__Work to be completed__
The full set of entries, reproduced exactly, is the expected answer.

__Provided data__
########################################
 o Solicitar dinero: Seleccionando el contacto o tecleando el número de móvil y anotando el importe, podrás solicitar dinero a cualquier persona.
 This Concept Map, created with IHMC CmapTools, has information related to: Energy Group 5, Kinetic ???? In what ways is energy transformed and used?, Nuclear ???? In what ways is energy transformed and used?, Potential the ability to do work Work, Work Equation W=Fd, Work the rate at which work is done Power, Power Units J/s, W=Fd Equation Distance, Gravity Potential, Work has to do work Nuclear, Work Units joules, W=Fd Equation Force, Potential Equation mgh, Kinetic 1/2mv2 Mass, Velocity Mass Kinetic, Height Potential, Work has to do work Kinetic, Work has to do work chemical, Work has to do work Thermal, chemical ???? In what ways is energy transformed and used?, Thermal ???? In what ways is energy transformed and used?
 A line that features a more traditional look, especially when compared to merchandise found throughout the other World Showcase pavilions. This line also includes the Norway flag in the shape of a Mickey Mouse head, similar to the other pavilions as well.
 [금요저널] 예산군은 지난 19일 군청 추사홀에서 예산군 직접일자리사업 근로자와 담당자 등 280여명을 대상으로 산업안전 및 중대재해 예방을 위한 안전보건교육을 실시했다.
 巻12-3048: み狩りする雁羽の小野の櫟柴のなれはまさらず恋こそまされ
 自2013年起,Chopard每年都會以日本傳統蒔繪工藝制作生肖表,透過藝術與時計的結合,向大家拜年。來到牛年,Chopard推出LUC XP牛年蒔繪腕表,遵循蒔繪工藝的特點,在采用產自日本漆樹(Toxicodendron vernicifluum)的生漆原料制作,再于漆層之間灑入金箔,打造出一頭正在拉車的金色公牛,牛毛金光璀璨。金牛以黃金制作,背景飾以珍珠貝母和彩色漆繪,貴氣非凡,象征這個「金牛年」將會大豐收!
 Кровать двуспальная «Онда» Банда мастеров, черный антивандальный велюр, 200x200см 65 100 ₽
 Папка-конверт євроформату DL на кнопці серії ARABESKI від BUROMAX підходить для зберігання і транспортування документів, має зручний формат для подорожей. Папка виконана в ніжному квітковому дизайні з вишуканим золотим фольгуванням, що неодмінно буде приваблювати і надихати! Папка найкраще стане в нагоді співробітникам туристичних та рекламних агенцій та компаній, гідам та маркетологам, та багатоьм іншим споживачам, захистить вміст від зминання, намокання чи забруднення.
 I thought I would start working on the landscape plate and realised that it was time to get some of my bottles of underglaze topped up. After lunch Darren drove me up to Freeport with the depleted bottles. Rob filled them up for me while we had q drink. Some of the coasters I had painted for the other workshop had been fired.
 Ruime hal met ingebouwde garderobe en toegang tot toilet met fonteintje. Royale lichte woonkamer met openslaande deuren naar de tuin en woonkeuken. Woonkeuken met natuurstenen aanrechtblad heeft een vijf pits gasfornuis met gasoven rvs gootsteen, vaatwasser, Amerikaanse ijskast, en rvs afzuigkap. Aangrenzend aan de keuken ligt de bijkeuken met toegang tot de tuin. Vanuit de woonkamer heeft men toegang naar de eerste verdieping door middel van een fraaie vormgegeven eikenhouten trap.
########################################
__Result of this task__
 o Solicitar dinero: Seleccionando el contacto o tecleando el número de móvil y anotando el importe, podrás solicitar dinero a cualquier persona.
 This Concept Map, created with IHMC CmapTools, has information related to: Energy Group 5, Kinetic ???? In what ways is energy transformed and used?, Nuclear ???? In what ways is energy transformed and used?, Potential the ability to do work Work, Work Equation W=Fd, Work the rate at which work is done Power, Power Units J/s, W=Fd Equation Distance, Gravity Potential, Work has to do work Nuclear, Work Units joules, W=Fd Equation Force, Potential Equation mgh, Kinetic 1/2mv2 Mass, Velocity Mass Kinetic, Height Potential, Work has to do work Kinetic, Work has to do work chemical, Work has to do work Thermal, chemical ???? In what ways is energy transformed and used?, Thermal ???? In what ways is energy transformed and used?
 A line that features a more traditional look, especially when compared to merchandise found throughout the other World Showcase pavilions. This line also includes the Norway flag in the shape of a Mickey Mouse head, similar to the other pavilions as well.
 [금요저널] 예산군은 지난 19일 군청 추사홀에서 예산군 직접일자리사업 근로자와 담당자 등 280여명을 대상으로 산업안전 및 중대재해 예방을 위한 안전보건교육을 실시했다.
 巻12-3048: み狩りする雁羽の小野の櫟柴のなれはまさらず恋こそまされ
 自2013年起,Chopard每年都會以日本傳統蒔繪工藝制作生肖表,透過藝術與時計的結合,向大家拜年。來到牛年,Chopard推出LUC XP牛年蒔繪腕表,遵循蒔繪工藝的特點,在采用產自日本漆樹(Toxicodendron vernicifluum)的生漆原料制作,再于漆層之間灑入金箔,打造出一頭正在拉車的金色公牛,牛毛金光璀璨。金牛以黃金制作,背景飾以珍珠貝母和彩色漆繪,貴氣非凡,象征這個「金牛年」將會大豐收!
 Кровать двуспальная «Онда» Банда мастеров, черный антивандальный велюр, 200x200см 65 100 ₽
 Папка-конверт євроформату DL на кнопці серії ARABESKI від BUROMAX підходить для зберігання і транспортування документів, має зручний формат для подорожей. Папка виконана в ніжному квітковому дизайні з вишуканим золотим фольгуванням, що неодмінно буде приваблювати і надихати! Папка найкраще стане в нагоді співробітникам туристичних та рекламних агенцій та компаній, гідам та маркетологам, та багатоьм іншим споживачам, захистить вміст від зминання, намокання чи забруднення.
 I thought I would start working on the landscape plate and realised that it was time to get some of my bottles of underglaze topped up. After lunch Darren drove me up to Freeport with the depleted bottles. Rob filled them up for me while we had q drink. Some of the coasters I had painted for the other workshop had been fired.
 Ruime hal met ingebouwde garderobe en toegang tot toilet met fonteintje. Royale lichte woonkamer met openslaande deuren naar de tuin en woonkeuken. Woonkeuken met natuurstenen aanrechtblad heeft een vijf pits gasfornuis met gasoven rvs gootsteen, vaatwasser, Amerikaanse ijskast, en rvs afzuigkap. Aangrenzend aan de keuken ligt de bijkeuken met toegang tot de tuin. Vanuit de woonkamer heeft men toegang naar de eerste verdieping door middel van een fraaie vormgegeven eikenhouten trap.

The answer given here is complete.